> _Exercise description_: What is needed is the exact text of each line in the listing below from the one with "首は前後にスイング可能。肩は" up to and including the one with "正社員募集をより広域に告知す", and no pictures.

> _Dataset excerpts_:
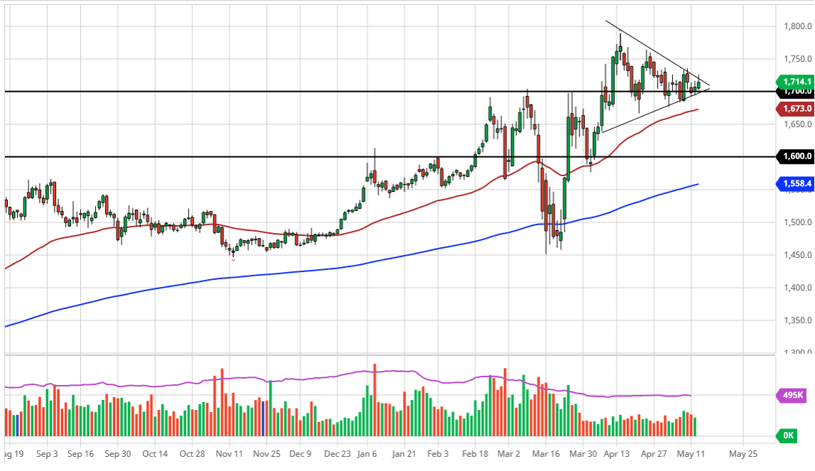 Even if we were to break down from here, the market could very well find itself testing the 50 day EMA where there should be plenty of support as well. At this point in time, I like the idea of buying gold due to the fact that central banks around the world continue to print money and of course we have to worry about whether or not economies ever open back up. The market participants continue to see a lot of reasons for this market go higher but now is the time that we will make some type of longer-term decision. The fact that $1700 has been so “sticky” is worth paying attention to, and therefore we will need to pay attention to the level, and the fact that the buyers continue to pick up value down at it. All things being equal, believe that gold will eventually go looking towards the $2000 level but it is going to take quite a while to get there. I have no interest in shorting this market.
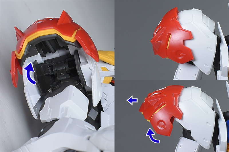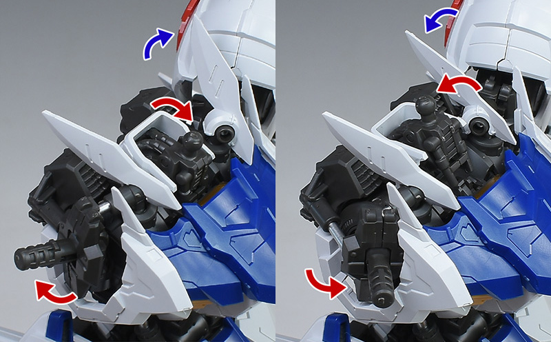 首は前後にスイング可能。肩はシリンダーシャフトによる構造で前後にスイングさせることができます。襟周りの白い装甲も頭部可動時の干渉を避けるため柔軟に可動します。
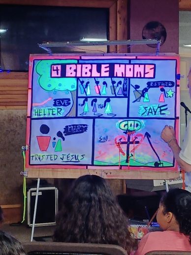 Frank shared the Gospel via sketchboarding the stories of 4 Special Bible Moms
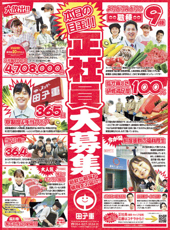 正社員募集をより広域に告知するため、新聞広告を出稿。スーパーには多様な職種があることや、手厚い福利厚生などの知られざる魅力を伝えることを目指した。朝刊という朝に届くメディアであることを活かし、「朝採れ情報」というキーワードで特売のチラシのように見せつつ、記事の面白さにひかれて読んでいくと実は正社員募集であることが伝わる構成とした。新聞の紙質を活かしてチラシらしく見せるために、あえて解像度を粗くした写真や掠れたインクの雰囲気を作るなど、デザイン面にもこだわって制作した。直接社員募集に関係のない読者に対しても、企業イメージ向上につながる取り組みとなった。
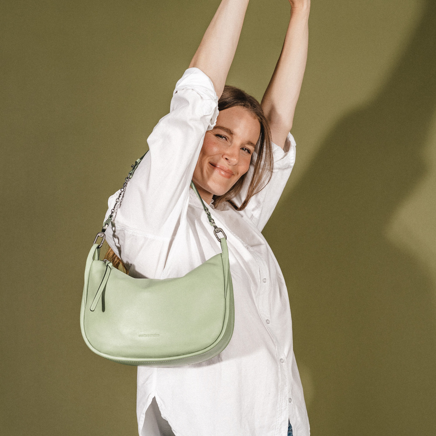 Raven is the larger sister of Fawn – just as stylish, but with even more space for your daily essentials. This halfmoon bag with its signature curved silhouette combines minimalist design with modern functionality and features a special detail: a delicate a&u logo chain element in brushed metal, integrated into the comfortable shoulder strap. Made from soft, high-quality leather, Raven rests gently at your side and confidently accompanies you through the day – whether you're heading to the office, the café, or traveling. A detachable, adjustable crossbody strap adds flexibility to your everyday routine. The reinforced base ensures shape retention. Thoughtful interior compartments and a light-colored lining make Raven a bag that not only looks good but is ready for anything.
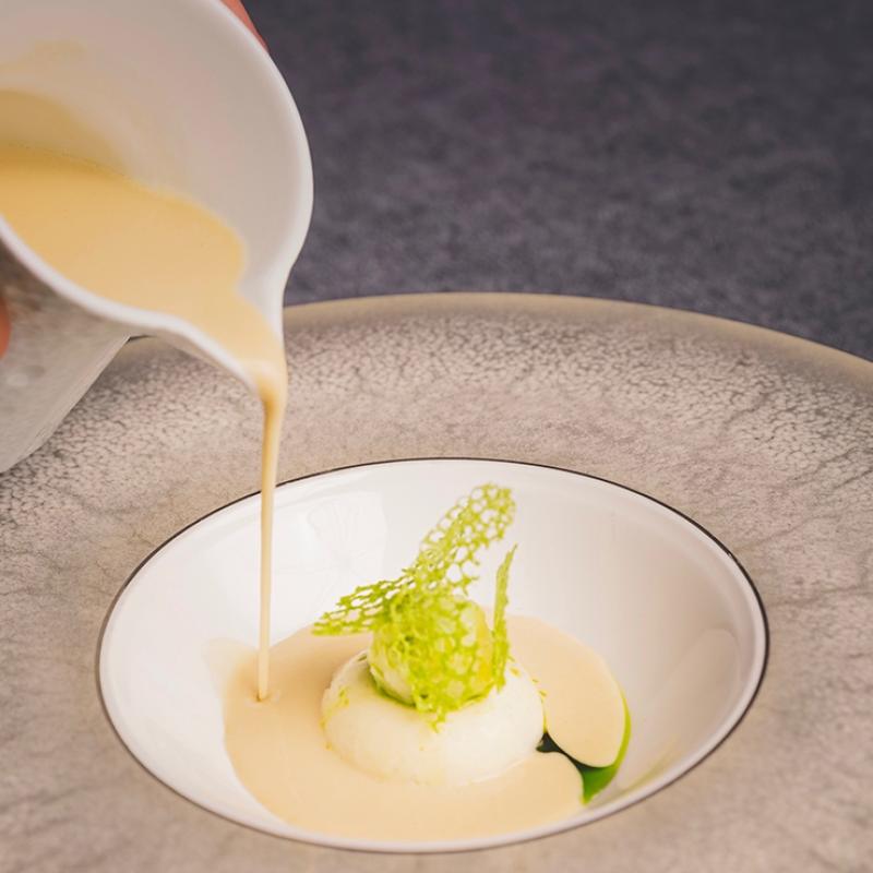 We serve the soup with a fish ball, leek and a tuille. But you can use fish, shellfish and your favorite vegetables.

> _Result_:
 首は前後にスイング可能。肩はシリンダーシャフトによる構造で前後にスイングさせることができます。襟周りの白い装甲も頭部可動時の干渉を避けるため柔軟に可動します。
 Frank shared the Gospel via sketchboarding the stories of 4 Special Bible Moms
 正社員募集をより広域に告知するため、新聞広告を出稿。スーパーには多様な職種があることや、手厚い福利厚生などの知られざる魅力を伝えることを目指した。朝刊という朝に届くメディアであることを活かし、「朝採れ情報」というキーワードで特売のチラシのように見せつつ、記事の面白さにひかれて読んでいくと実は正社員募集であることが伝わる構成とした。新聞の紙質を活かしてチラシらしく見せるために、あえて解像度を粗くした写真や掠れたインクの雰囲気を作るなど、デザイン面にもこだわって制作した。直接社員募集に関係のない読者に対しても、企業イメージ向上につながる取り組みとなった。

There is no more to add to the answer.